**What the task asks:** Could you write out, exactly, every line from the top of the data through the line holding "- Kropki Dots: A"? Omit the pictures.

##### Collected material

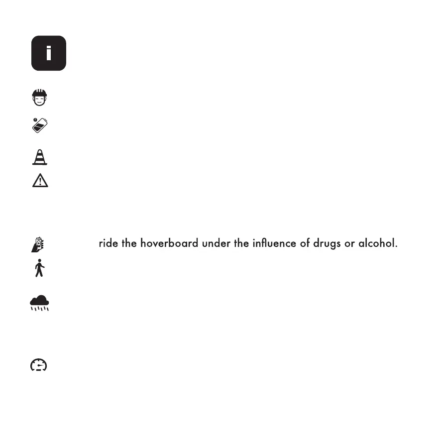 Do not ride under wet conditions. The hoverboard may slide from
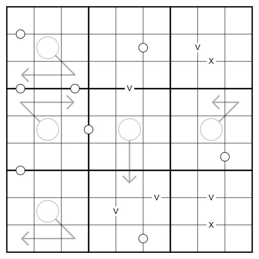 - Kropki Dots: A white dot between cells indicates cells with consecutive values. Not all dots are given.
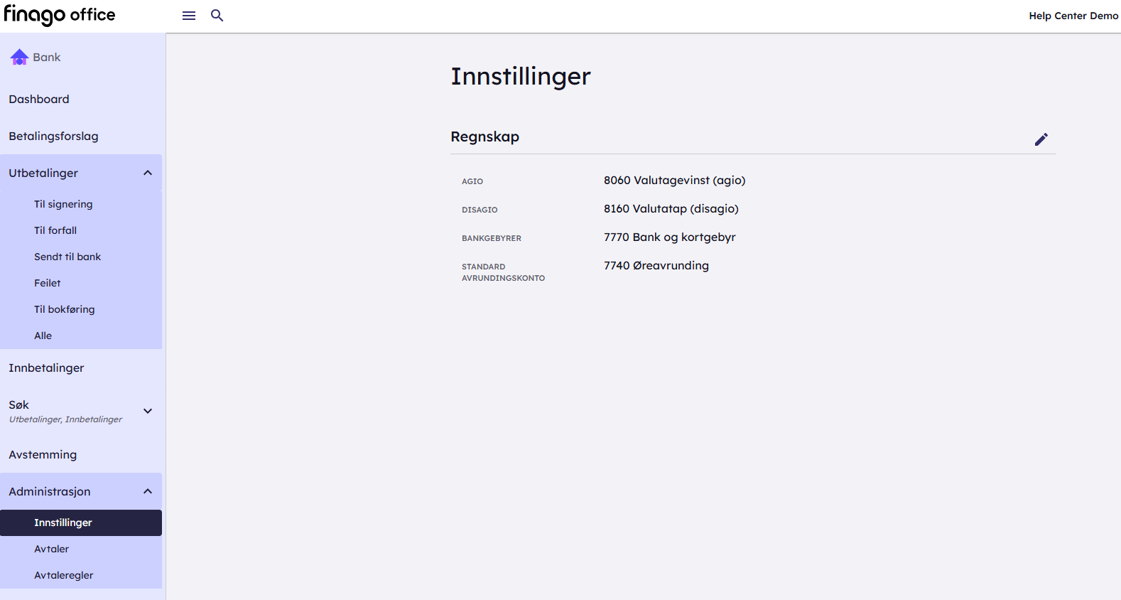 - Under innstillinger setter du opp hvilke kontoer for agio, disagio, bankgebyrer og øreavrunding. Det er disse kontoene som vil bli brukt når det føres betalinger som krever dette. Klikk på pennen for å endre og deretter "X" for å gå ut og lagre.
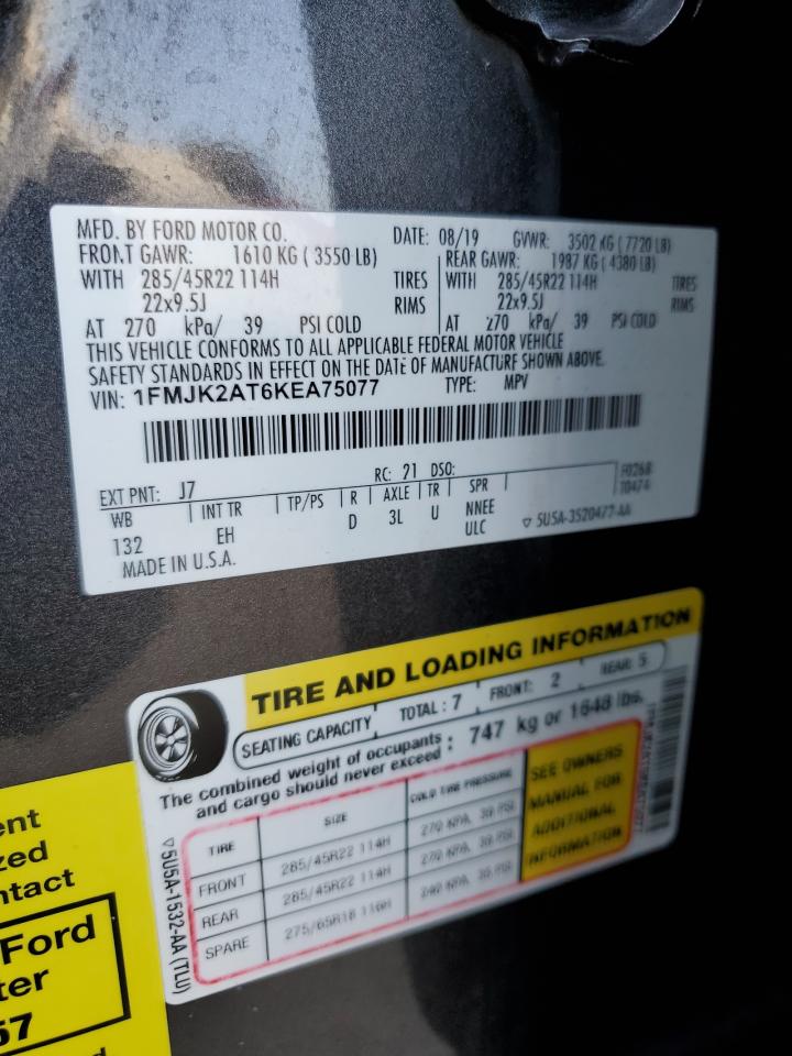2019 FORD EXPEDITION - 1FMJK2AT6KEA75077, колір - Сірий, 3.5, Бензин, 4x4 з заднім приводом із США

##########

**Solution to this exercise:**
 Do not ride under wet conditions. The hoverboard may slide from
 - Kropki Dots: A white dot between cells indicates cells with consecutive values. Not all dots are given.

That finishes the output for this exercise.